Friday
There are 2 weeks left until my due date! 2 weeks! Seems like it was just a month ago that I told Vance I thought I was pregnant.
I went to the Doctor for my weekly appointment yesterday and I wasn't expecting much. Low and behold, nothing really happened. I am "a loose 1, almost a 2" dilated and she joked about going into labor on labor day. As far as I know, all she did was an exam, but it hurt so bad for hours afterwards. I thought my vagina was going to prolapse. She ended the appointment with "we'll see if you make it to next week." Seriously, Doctor's have got to stop doing that, because some people who don't know any better take that as "Oh my God! I am gonna go into labor next week" and are terribly disappointed when their due dates fly by them and they are still hosting a small child in their uterus.
I am still going to complain about being tired of pregnancy. My stomach muscles feel like they are going to give out from holding up my massive mound. These contractions SUCK. If they don't hurt, they at least make me hunch over from the intense pressure and tightening. This morning I woke up to 3 painful contractions. I wanted to believe it was the end, but they stopped. Now my lower body is just aching.
Believe it or not, I never wanted to be one of those pregnant ladies that whined about wanting it to be over, but I seriously think it's just a typical reaction that every prego has. Some are just a little more up front about it.

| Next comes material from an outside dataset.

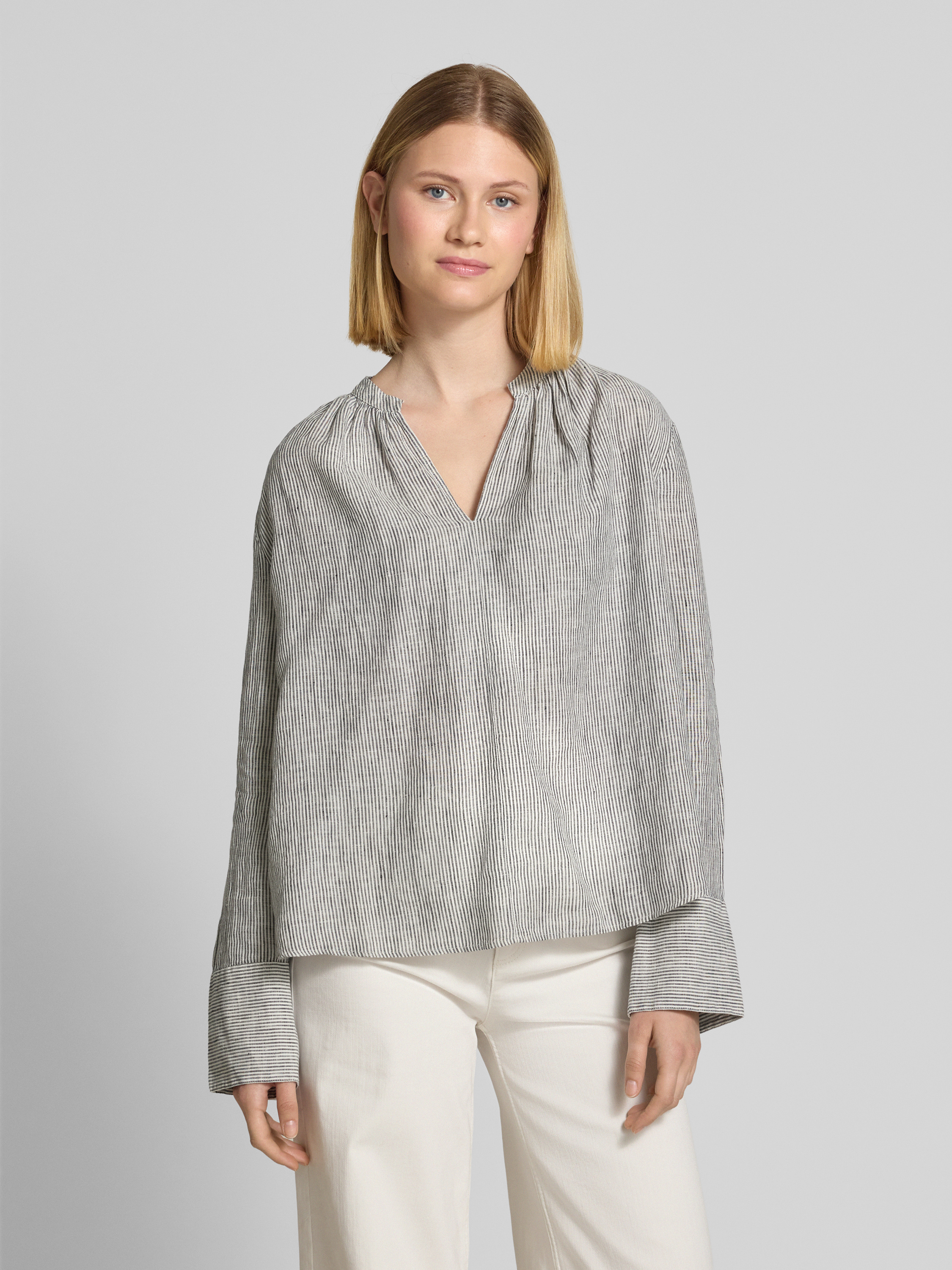 Die Relaxed Fit Bluse aus reinem Leinen von Tommy Hilfiger kombiniert lässigen Komfort mit einem Hauch von Eleganz. Das atmungsaktive Material sorgt für ein angenehmes Tragegefühl, während das entspannte Design und der Tunika-Kragen vielseitige Styling-Optionen ermöglichen. Der V-Ausschnitt verleiht dem Look eine dezente Raffinesse.

After my appointment yeserday Vance and I decided to go cash in our WIC money. We had no idea how big of a pain it would be. Not only was the process arduous, but we had the slowest dipshit cashier on the planet. And worse, there were these two obnoxious wannabe punk teenage girls behind that smelled like B.O. big time. I thought it was the cashier or Vance or even me, but it was them. They kept dicking around and play fighting and nearly rubbing up on my man. They smelled like a gorilla cage. I hate HEB.